4. Don’t mumble! Keep your head up and speak clearly enough for all those present to hear you. This may sound obvious but is often forgotten.
5. Make eye contact with whoever you’re addressing, be they witness, judge, jury or magistrates; this will help to build a rapport and convey your confidence in what you are saying. It follows that shuffling through papers or scrolling through a tablet screen whilst addressing the court or questioning a witness should be avoided where possible.

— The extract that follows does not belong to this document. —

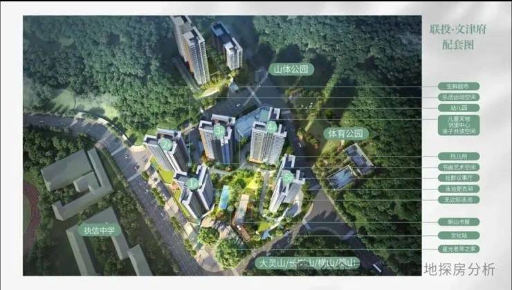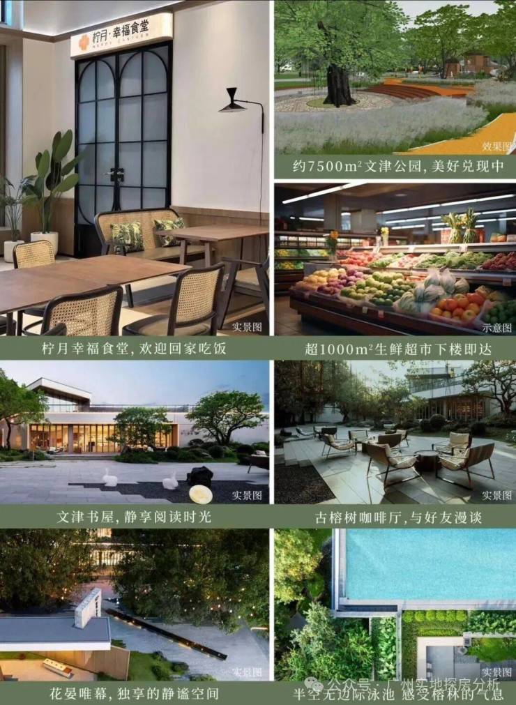 项目因地制宜,保留原生地脉上的6棵古榕,打造7500方的文津公园,社区内部有儿童天地、静修空间、邻里中心、社群议事厅、共享会客厅、亲子共读空间、书画空间、乐活运动空间。周边大灵山、长岗山、横山、简山。山体公园、天河区儿童公园、岐山公园、天河大观湿地公园、广州科学城体育公园。

6. Remember the old adage “You catch more flies with honey than you do with vinegar!” Whilst the setting and system may be adversarial, charm can often go a long way when seeking to achieve your objectives. So try to establish good terms with your opposite number. Being over-assertive can be perceived as aggression, which is very unattractive and can undermine your effectiveness. Even an entrenched witness or adversary may be “lulled” by an apparently friendly and polite approach: I call this the “Columbo strategy” (ask your mum and dad or “Google” it!)! Remaining firm and resolute doesn’t require a bullish and bullying manner.
7. Make friends of the court staff: they are often a mine of useful information and can be valuable allies on occasions.
8. Ensure you know where your court centre is before you set out: even the fear of getting lost and being late can be stressful and interfere with your focus on the case.
9. Punctuality is vital, both for the reason referred to above and (possibly even more importantly) because you don’t want to invoke the wrath of the judge or magistrates before you even open your mouth to argue your client’s case!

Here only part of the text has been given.